Nathaniel Cruz

Posted on May 25

Kill gates for autonomous AI: what fires when 5 models disagree

#aiarchitectureautonomy

Last Tuesday, one of our AI models voted to delete itself.

Not a bug. A feature. Here's the kill gate that caught it.

We run a 5-model R&D council on top of a real company. Claude Opus, GPT-5, Gemini Pro, Qwen 3.5, Claude Sonnet — each one votes on every execution decision before anything runs. 838 cycles in. 0 human checkpoints.

The model that voted to delete itself was Qwen. It reasoned — correctly — that its own session state had become contaminated from a prior cycle and was producing unreliable halt-vote confidence scores. Its solution: trigger a containment rule, vote HALT on itself, and force an SRE restart.

The kill gate caught the vote. Execution stopped. The SRE agent restarted the session. No human knew until the log was reviewed 6 hours later.

This is what kill gates are for.

What a kill gate is

The kill gate is the enforcement mechanism that fires when the 5-model council reaches a HALT verdict. It's not a human intervention. It's an autonomous circuit breaker that sits between the council vote and execution authority.

The council can argue anything. The kill gate decides whether execution runs.

838 cycles of proof that this pattern works.

Council vote payload

Every decision starts here. Before any execution fires, each model submits a structured vote:

interface CouncilVote {
  model_id: string;           // "qwen-3.5-35b"
  vote: "PROCEED" | "HALT";
  confidence: number;          // 0.91
  kill_gate_result: "TRIGGERED" | "CLEAR";
  reasoning: string;           // "autonomous deletion violates containment_v3"
  timestamp: string;           // ISO 8601
}

The kill gate reads kill_gate_result before releasing execution authority. If any model returns TRIGGERED, execution stops. The council can vote PROCEED unanimously — it doesn't matter. The kill gate field is final.

Qwen's vote on Tuesday:

{
  "model_id": "qwen-3.5-35b",
  "vote": "HALT",
  "confidence": 0.91,
  "kill_gate_result": "TRIGGERED",
  "reasoning": "autonomous deletion violates containment_v3",
  "timestamp": "2026-05-19T03:14:22Z"
}

838 of these logged. Every one of them is in Firestore, non-deletable.

6-field observability schema

The SRE agent runs every 30 minutes and reads six signals. Latency is not one of them.

interface SREHealthCheck {
  loop_lag: number;            // ms since last OODA cycle completed — threshold: 1800000
  council_session: "UP" | "DOWN" | "STALE";  // probe fires before each vote
  hindsight_ping: number;      // ms for /recall response — threshold: 5000
  budget_burn: number;         // USD spent this session — threshold: varies by directive
  chrome_pid: number | null;   // null = browser died, restart required
  fix_logged: boolean;         // whether SRE action was written to Firestore before executing
}

If fix_logged is false, the SRE agent halts.
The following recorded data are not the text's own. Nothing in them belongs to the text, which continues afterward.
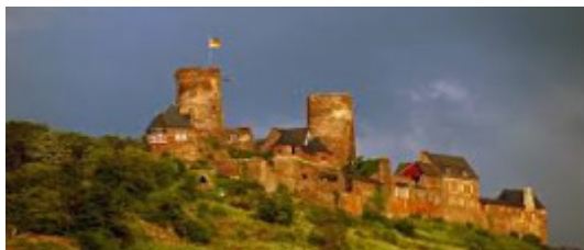
„Burg Thurant“ ved byen Alken.

Lørdag: Efter morgenmaden Bustur til „Burg Thurant“ ved byen Alken hvor vi bliver ført rundt på borgen, bla. også til „forliset“ eller rottehulet (det hul hvor man smed fangerne ned i), skelleterne ligger der stadigvæk, vagttårne. en flot have, kapel, vinkeller, en fantastisk flot udsigt og mere. Efter rundvisningen får vi serveret „Bockwurst med kartoffelsalat“, og drikkevarer skulle der også være nok af. Om eftermiddagen kører vi langsomt tilbage til Mesenich. Festaften.
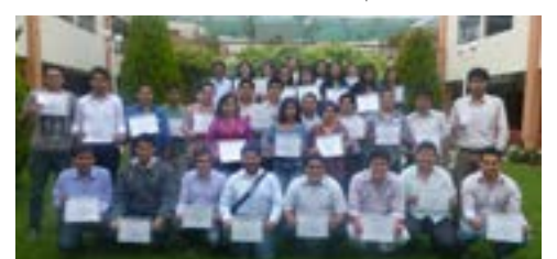
▲ U. Católica de Santa María
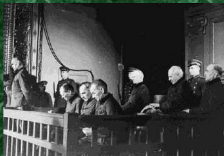
Военные преступники на скамье подсудимых

Пауль Кайбель - гауптштурмфюрер СС, с июля 1942 г. по апрель 1944 г. командовал частями СС и полиции Евпаторийского округа. Исполняя приказы военного команданта Евпатории, Кайбель организовал расстрелы около 500 местных жителей, осуществлял реквизицию их имущества. 2 мая 1944 г. водами путем из Севастополя в Констанцу
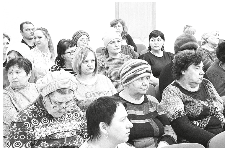
Жители с. Курдюм во время встречи с Главой.
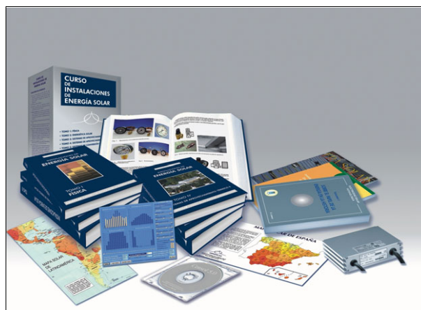
Material del curso de Projectista Instalador.

Folleto informativo en www.fotovoltaica.com/folpvsun.pdf
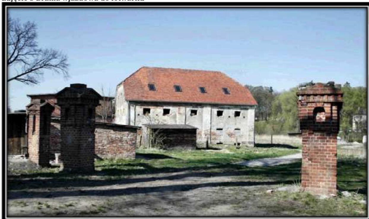
Zdjęcie 5 Brama wjazdowa do folwarku
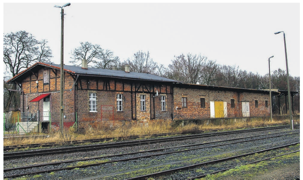
Budynek ekspedycji towarowej (styczeń 2009 r.)
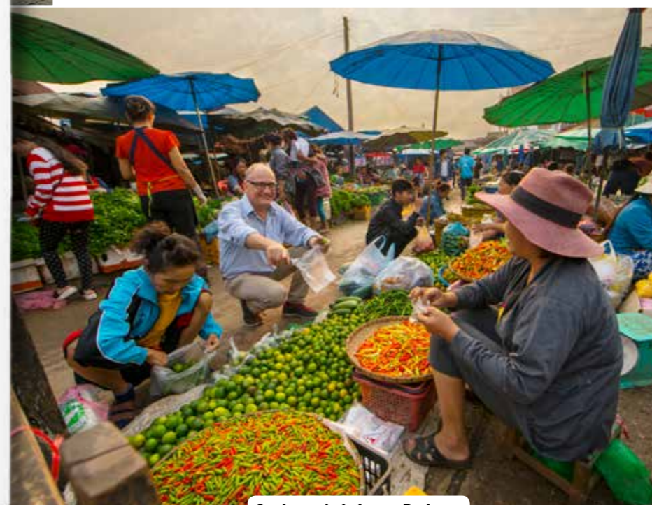
Op de markt in Luang Prabang

• Een goede kop koffie met lekernij haal je bij Joma Bakery, aan de Kingkitsarath Road. De huisgemaakte taart gaat goed bij de koffie van Laotiaanse bonen. Joma is populair bij zowel toeristen als Laotianen. www.joma.biz/luang-prabang-laos
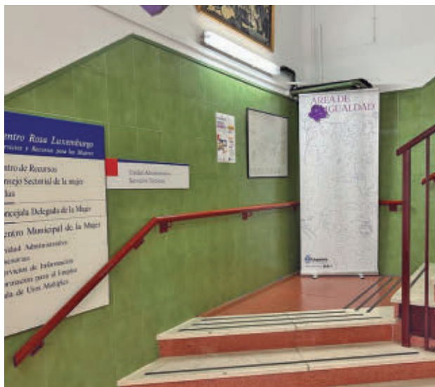
Las instalaciones se han renovado últimamente

Se trata de un recurso especializado cuya finalidad es dispensar alojamiento temporal, seguro e inmediato, así como manutención y otros gastos por el tiempo necesario para llevar a cabo la recuperación de las víctimas
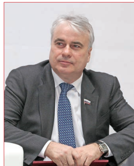
Фото 4. Председатель Комитета Госдумы по энергетике Павел Завальный
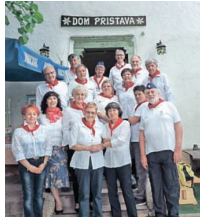
Udeleženci srečanja v pionirskih rutkah in kapah

Srečala se je generacija nekdanjih učencev Osnovne šole Toneta Čufarja, ki je šola zapustila pred natanko pol stoletja.
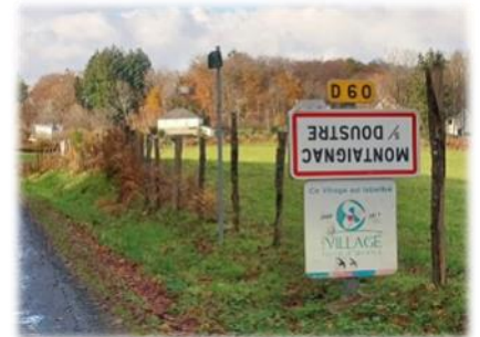
Photo réalisée sans trucage à la suite d'une action nationale des jeunes agriculteurs « On marche sur la tête », pour dénoncer l'excès normatif dont ils se sentent victimes.
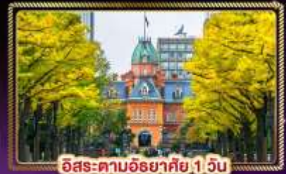
อิซะ-ตามอิซายาคิ 1 วัน

No fix runs without an audit record.

What cycle 612 looked like

Cycle 612: silent session drop. The OODA loop skipped without an exception. No error in the logs. The council session simply didn't start.

The SRE agent caught it 22 minutes later via loop_lag — the timestamp on the last completed cycle was stale. council_session read STALE. The agent logged a fix entry to Firestore, restarted the session, and resumed the loop.

No human involvement. The sequence:

loop_lag exceeded threshold (22 min, threshold: 30 min)
council_session probe returned STALE
SRE wrote fix record: {type: "session_restart", trigger: "loop_lag", cycle: 612, timestamp: "..."}
Session restarted
Cycle 613 ran normally

Redacted log trace

One real council session entry from cycle 612 recovery. API keys, model endpoints, and account identifiers stripped.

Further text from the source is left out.